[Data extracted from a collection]

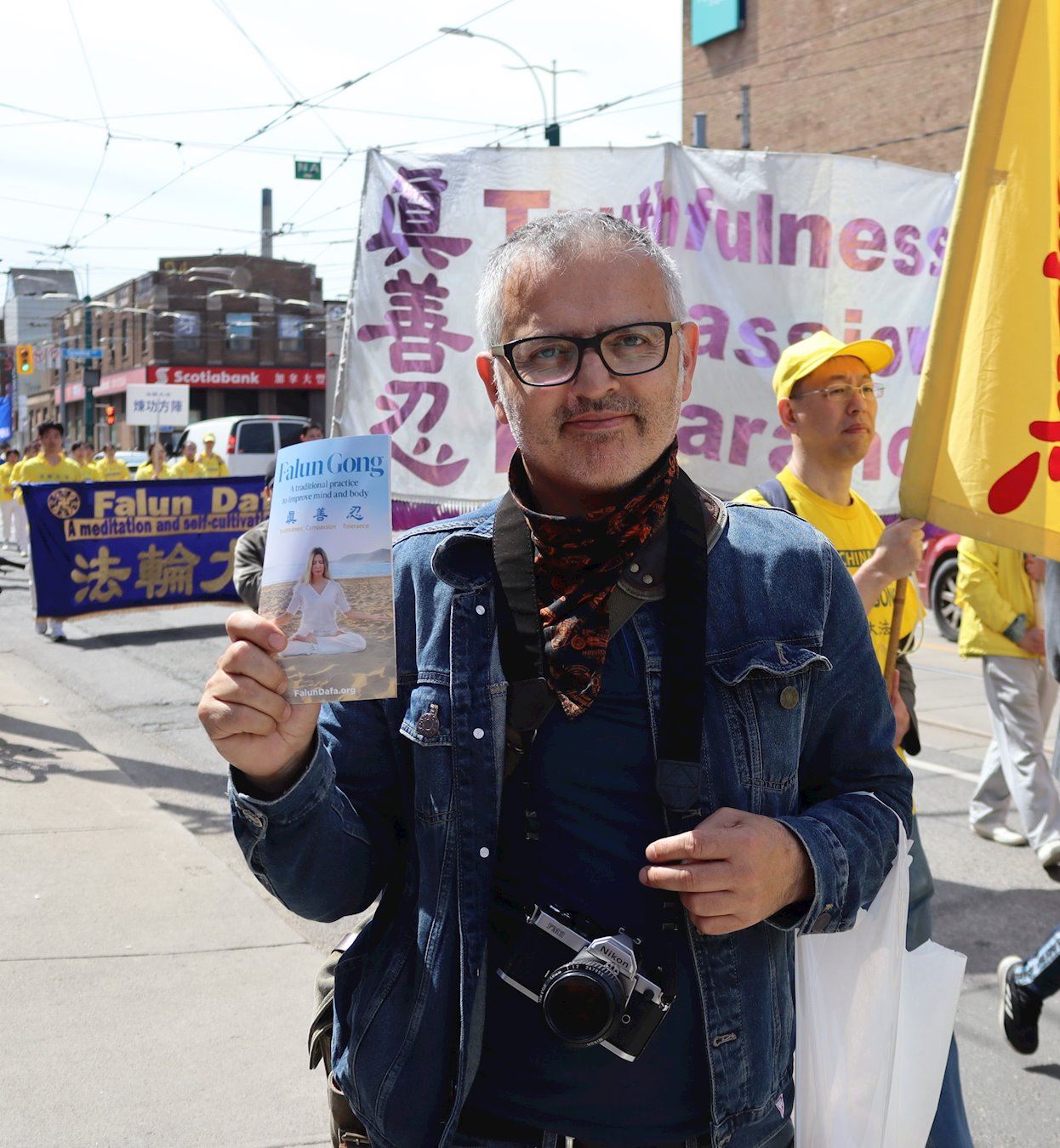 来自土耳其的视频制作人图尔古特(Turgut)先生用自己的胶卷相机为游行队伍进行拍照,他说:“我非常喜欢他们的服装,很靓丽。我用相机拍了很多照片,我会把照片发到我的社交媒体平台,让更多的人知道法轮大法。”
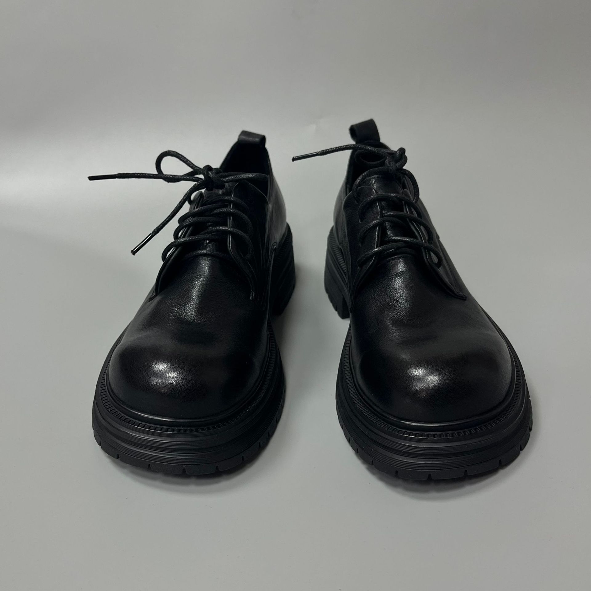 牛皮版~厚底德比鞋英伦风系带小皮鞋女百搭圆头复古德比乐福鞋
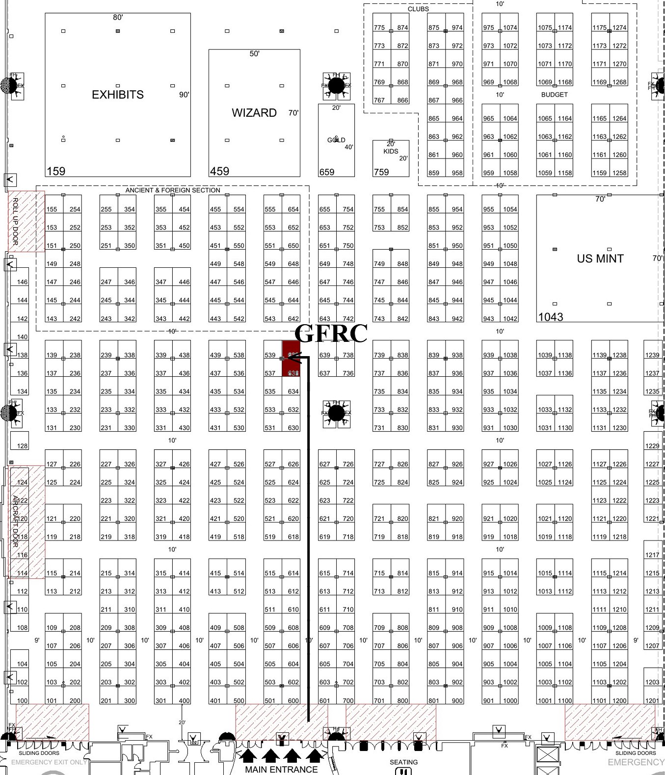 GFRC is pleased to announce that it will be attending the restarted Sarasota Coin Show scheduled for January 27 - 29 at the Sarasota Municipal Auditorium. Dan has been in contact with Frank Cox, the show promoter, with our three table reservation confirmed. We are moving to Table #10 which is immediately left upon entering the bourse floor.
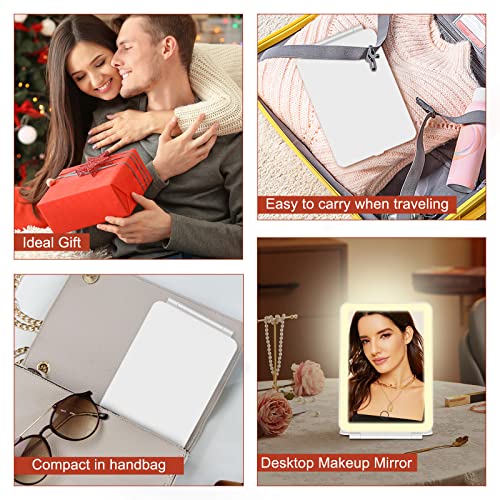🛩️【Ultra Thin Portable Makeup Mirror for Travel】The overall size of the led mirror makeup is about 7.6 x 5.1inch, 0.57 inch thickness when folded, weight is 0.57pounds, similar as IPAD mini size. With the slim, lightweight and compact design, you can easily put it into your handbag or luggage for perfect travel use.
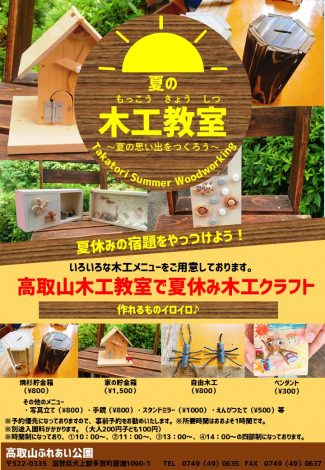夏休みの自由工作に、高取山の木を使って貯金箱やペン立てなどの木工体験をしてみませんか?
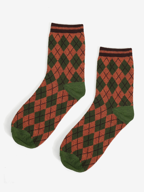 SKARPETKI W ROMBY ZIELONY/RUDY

> _WHAT IS EXPECTED_
Using the records above, return word for word the lines that begin at the one containing "牛皮版~厚底德比鞋英伦风系带小皮鞋女百搭圆头复古德比乐福鞋" and end at the one containing "GFRC is pleased", both of them included and no pictures.

> _ANSWER SECTION_
 牛皮版~厚底德比鞋英伦风系带小皮鞋女百搭圆头复古德比乐福鞋
 GFRC is pleased to announce that it will be attending the restarted Sarasota Coin Show scheduled for January 27 - 29 at the Sarasota Municipal Auditorium. Dan has been in contact with Frank Cox, the show promoter, with our three table reservation confirmed. We are moving to Table #10 which is immediately left upon entering the bourse floor.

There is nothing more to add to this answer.